Dignitaries listened to the needs and experiences of New Jersey mental health advocates and providers at Rider University
America’s growing mental health crisis that was made worse from the impacts of COVID-19 has mental health advocates, providers, and lawmakers pushing for more resources.
In New Jersey, three members of the state’s Congressional delegation – Sen. Bob Menendez (D-NJ), Rep. Bonnie Watson Coleman (D-12), and Rep. Andy Kim (D-3) – joined together to hear the needs and experiences from New Jersey mental health advocates and providers at Rider University May 22.
“According to the National Alliance on Mental Illness [NAMI], one in five adults in America experience a mental health disorder each year. Less than 20 percent of them are receiving care,” said Michael Lindsey, Dean of the New York University Silver School of Social Work and panel moderator.
Through a panel discussion and listening session, the federal lawmakers discussed the efforts being taken federally on the issues – not enough providers for mental health services, more funding for veteran suicide outreach and prevention programs, and more access to care and services for communities of color.
“There is a lot we need to think about in terms of what is the right workforce level we need as a country in terms of mental health providers and other types of roles,” Kim said. “I do feel like the federal government must do, which we are just not doing well enough, work with [providers and advocates] and others to develop that national strategy.”
New Jersey has 1.1 million adults that have a mental disorder and 72,000 New Jerseyans between the age of 12 and 17 have depression, according to NAMI’s (National Alliance on Mental Illness) available data from 2021.
“The provider issue is a big issue. Cause when you finally get the courage to pick up the phone and say I need help, waiting six weeks is not the answer,” Menendez said. “We need to have people have access in a very brief time.”
Menendez said hearing from providers, it is not only about expanding universal providers but retaining those providers.
“Which means we have to pay them appropriately. That is one dimension,” he added. “The other dimension is that we have a lot of good community groups that can do culturally competent work that have an acceptance particularly by young people.”
Menendez said they have to empower these groups and help resource them as part of the overall challenge.
“I am dismayed by listening to people from the (military) base suggesting that if you acknowledge that you have PTSD (Post Traumatic Stress Disorder), then all of a sudden that is a career ender,” he said. “That should never be a career ender. It should be the beginning of helping you get well.”
This month, Menendez reintroduced a companion bill in the Senate to Coleman’s bill she co-leads in the House of Representatives called the “Pursuing Equity in Mental Health Act,” which addresses mental health for youth, and youth of color, and disparities in access to mental health.
Kim is a co-sponsor on the bill in the House that was also reintroduced in May. The bill had previously passed the House most recently in 2021 but was not voted on in the Senate.

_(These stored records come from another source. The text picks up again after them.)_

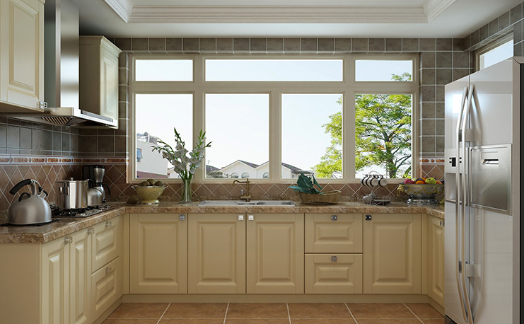 歐式整套櫥柜以做舊的歐式線條,將整體設(shè)計(jì)提升格調(diào),大量定制的地柜和吊柜,提升了廚房的儲(chǔ)物功能,L型動(dòng)線分布,讓烹飪更隨心意。
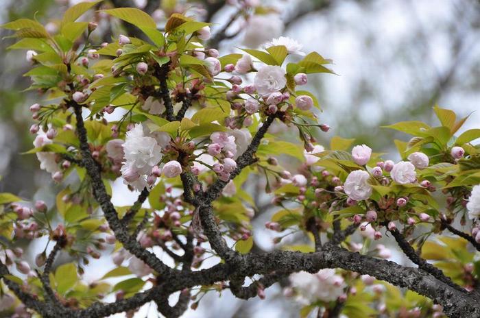 花は淡紅白色で、花弁数は30〜40枚ある。
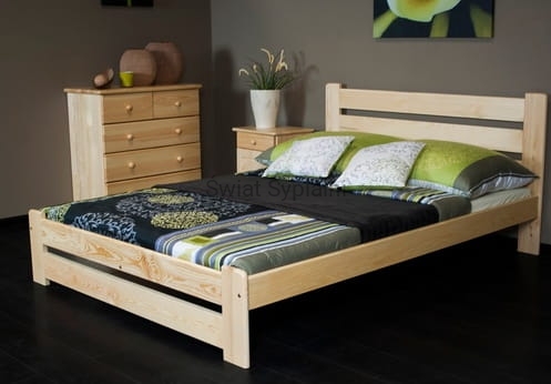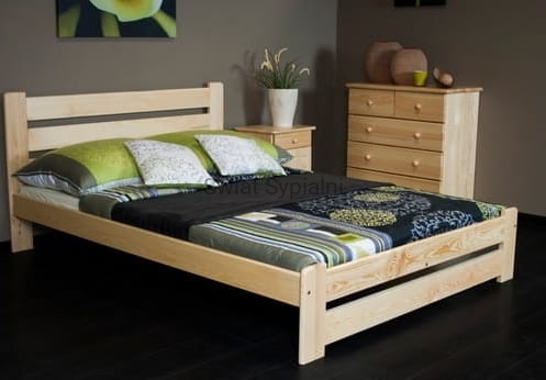 Łóżko wykonane z litego drewna sosnowego. Minimalistyczny zagłówek oraz zanóżek dają ramę by zastosować stelaż i materac o dowolnych parametrach. Do łóżka proponujemy dostawić stolik nocny - szafkę nocną. Wolne miejsce pod łóżkiem proponujemy uzupełnić funkcjonalną szufladą. Łóżko stabilne, wytrzymałe do zamówienia w wybranym kolorze a proponowanych.

This bill would provide $995 million in grants and funding that will go toward supporting research, improving the pipeline of culturally competent providers, building outreach programs reducing stigma, and develop a training program for providers to manage disparities, explained Kim.

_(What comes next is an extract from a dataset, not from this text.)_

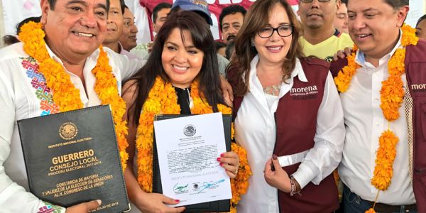 La Junta Local del Instituto Nacional Electoral (INE) del estado de Guerrero entregó este domingo la constancia de mayoría a los senadores electos al Senado de la República de esa entidad Nestora Salgado y Félix Salgado Macedonio.

“I think this is one of the areas that we will get bipartisan support,” he said. “It is my hope that the original conversation we have had as we are seeking to introduce the legislation seems to have attracted some Republican support.”
Menendez noted that they need to get the bill as broad as possible, so it could be included as one of the must pass bills, such as the National Defense Authorization Act or Omnibus Appropriation bill that will pass this current session of Congress.
Coleman shared how providers and advocates expressed layers of concern in service, delivery and needs during the listening session.
“These resources are vitally important but getting them through a legislative process it just takes so long that we need to figure out how to get resources to people sooner,” she said.
Coleman said they need to understand the different layers of need from providers with disabilities, who are paid subpar wages and can’t afford their own medication to people who are volunteering a service but need service themselves as a result of working in that space.
“From the very young to the students in college they need space to feel safe and have confidential conversations, but we need to have them before learned ears,” she added.
For Coleman, the bottom-line is that minimally the bill, Pursing Equity in Mental Health, needs to be passed in its entirety, which has nearly $1 billion resources.
“But even passing that $1 billion is a drop in the bucket, because this country has not dealt with mental health the way it should as an issue of the continuum of healthcare,” she said.